◆ **What is required**
The pictures in the listing below are to be skipped, while the lines between the line holding "Зеркало карманное косметическое" and the line holding "Attrape-moi… si tu", inclusive, are to be output exactly.

◆ **Dataset records**
--

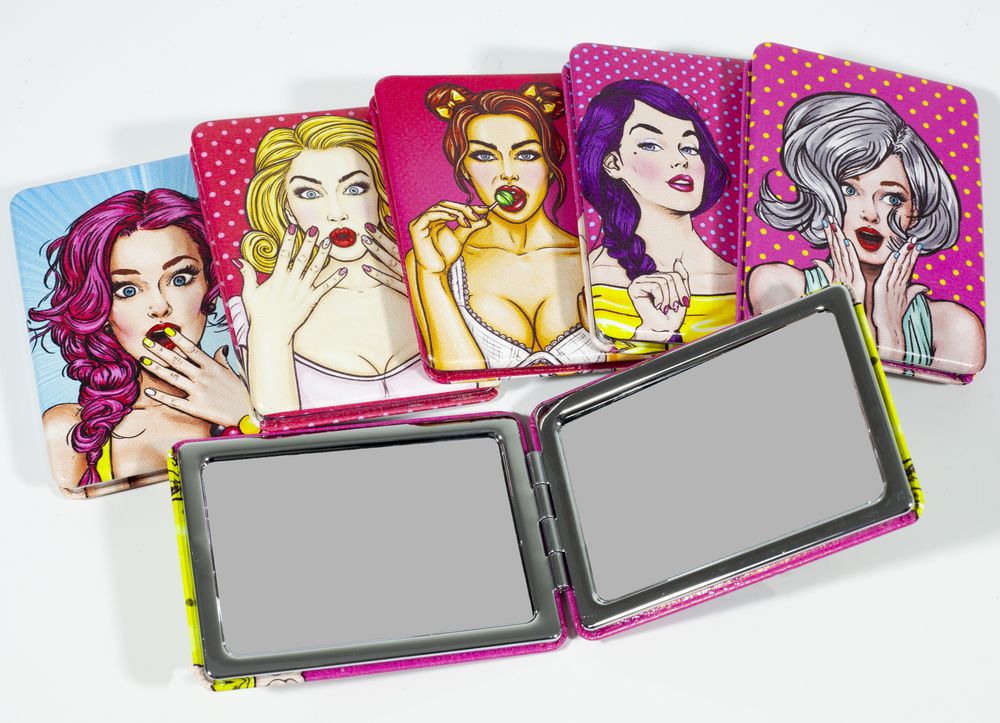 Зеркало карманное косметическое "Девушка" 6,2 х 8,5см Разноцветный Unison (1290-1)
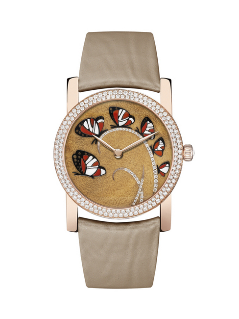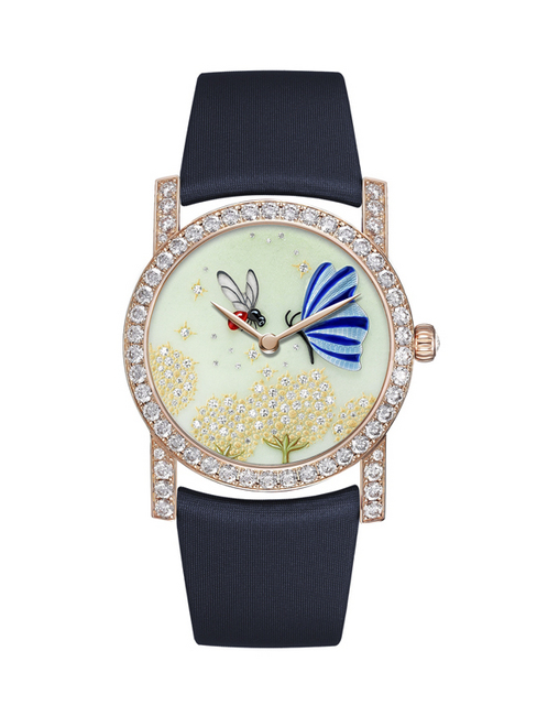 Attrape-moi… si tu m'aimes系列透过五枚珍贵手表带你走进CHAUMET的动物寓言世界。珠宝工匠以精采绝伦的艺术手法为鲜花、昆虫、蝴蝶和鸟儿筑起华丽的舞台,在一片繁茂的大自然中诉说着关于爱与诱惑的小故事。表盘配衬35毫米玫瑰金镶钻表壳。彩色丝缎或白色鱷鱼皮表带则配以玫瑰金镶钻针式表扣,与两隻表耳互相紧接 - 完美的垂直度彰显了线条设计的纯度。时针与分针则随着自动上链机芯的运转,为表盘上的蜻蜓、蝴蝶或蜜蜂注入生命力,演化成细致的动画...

--

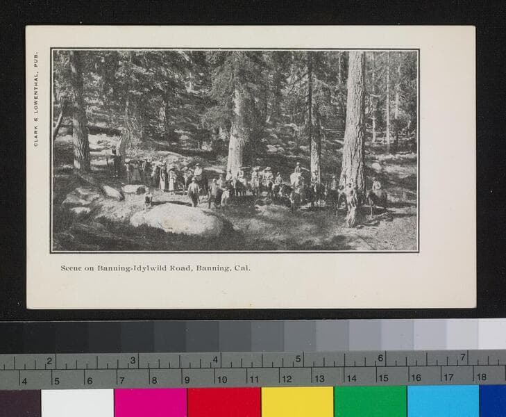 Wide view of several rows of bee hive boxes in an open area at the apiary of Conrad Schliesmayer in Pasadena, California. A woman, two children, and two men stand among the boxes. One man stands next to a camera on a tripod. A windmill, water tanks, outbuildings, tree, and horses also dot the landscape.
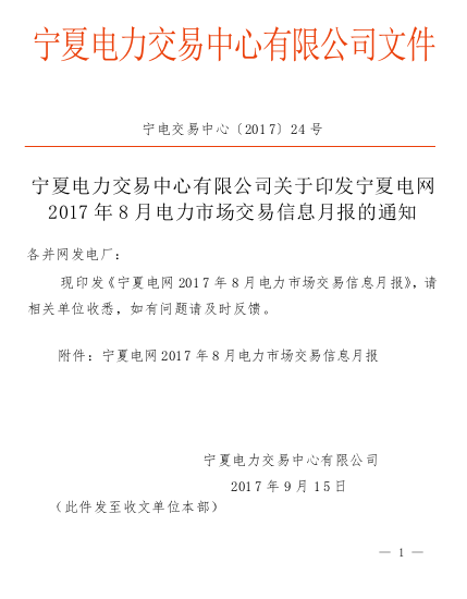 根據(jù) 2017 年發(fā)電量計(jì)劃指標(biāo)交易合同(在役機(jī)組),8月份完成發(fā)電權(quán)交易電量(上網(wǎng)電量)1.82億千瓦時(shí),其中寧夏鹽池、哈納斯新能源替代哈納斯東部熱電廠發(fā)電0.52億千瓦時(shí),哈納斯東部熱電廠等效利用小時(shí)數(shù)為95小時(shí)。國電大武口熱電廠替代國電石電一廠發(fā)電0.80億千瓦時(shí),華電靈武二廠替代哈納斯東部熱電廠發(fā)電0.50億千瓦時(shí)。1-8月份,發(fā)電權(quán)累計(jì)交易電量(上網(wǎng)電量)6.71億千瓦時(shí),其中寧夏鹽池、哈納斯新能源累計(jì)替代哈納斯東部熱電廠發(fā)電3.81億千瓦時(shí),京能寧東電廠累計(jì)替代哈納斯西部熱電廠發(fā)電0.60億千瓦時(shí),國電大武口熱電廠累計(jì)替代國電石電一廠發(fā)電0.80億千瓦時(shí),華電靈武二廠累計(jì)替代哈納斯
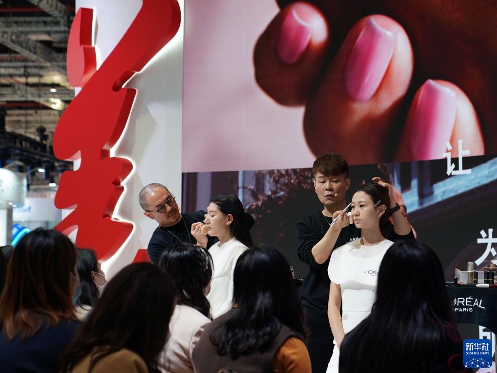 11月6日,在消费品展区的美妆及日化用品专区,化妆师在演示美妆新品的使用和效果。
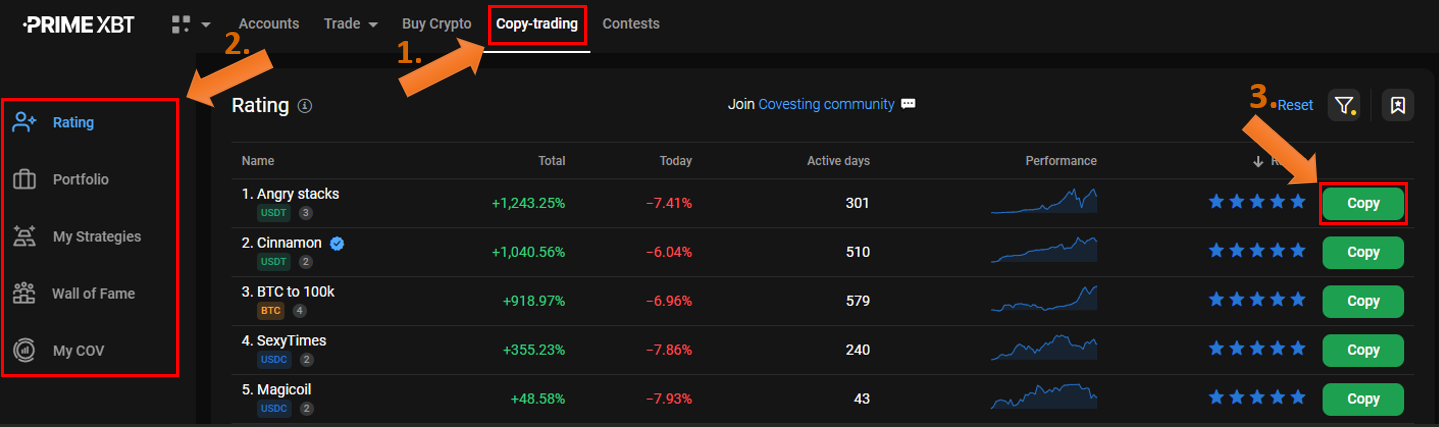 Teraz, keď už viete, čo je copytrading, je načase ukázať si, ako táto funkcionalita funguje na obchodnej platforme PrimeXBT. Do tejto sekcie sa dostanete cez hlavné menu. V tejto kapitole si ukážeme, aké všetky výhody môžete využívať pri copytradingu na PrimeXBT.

--

◆ **Answer for the task**
 Зеркало карманное косметическое "Девушка" 6,2 х 8,5см Разноцветный Unison (1290-1)
 Attrape-moi… si tu m'aimes系列透过五枚珍贵手表带你走进CHAUMET的动物寓言世界。珠宝工匠以精采绝伦的艺术手法为鲜花、昆虫、蝴蝶和鸟儿筑起华丽的舞台,在一片繁茂的大自然中诉说着关于爱与诱惑的小故事。表盘配衬35毫米玫瑰金镶钻表壳。彩色丝缎或白色鱷鱼皮表带则配以玫瑰金镶钻针式表扣,与两隻表耳互相紧接 - 完美的垂直度彰显了线条设计的纯度。时针与分针则随着自动上链机芯的运转,为表盘上的蜻蜓、蝴蝶或蜜蜂注入生命力,演化成细致的动画...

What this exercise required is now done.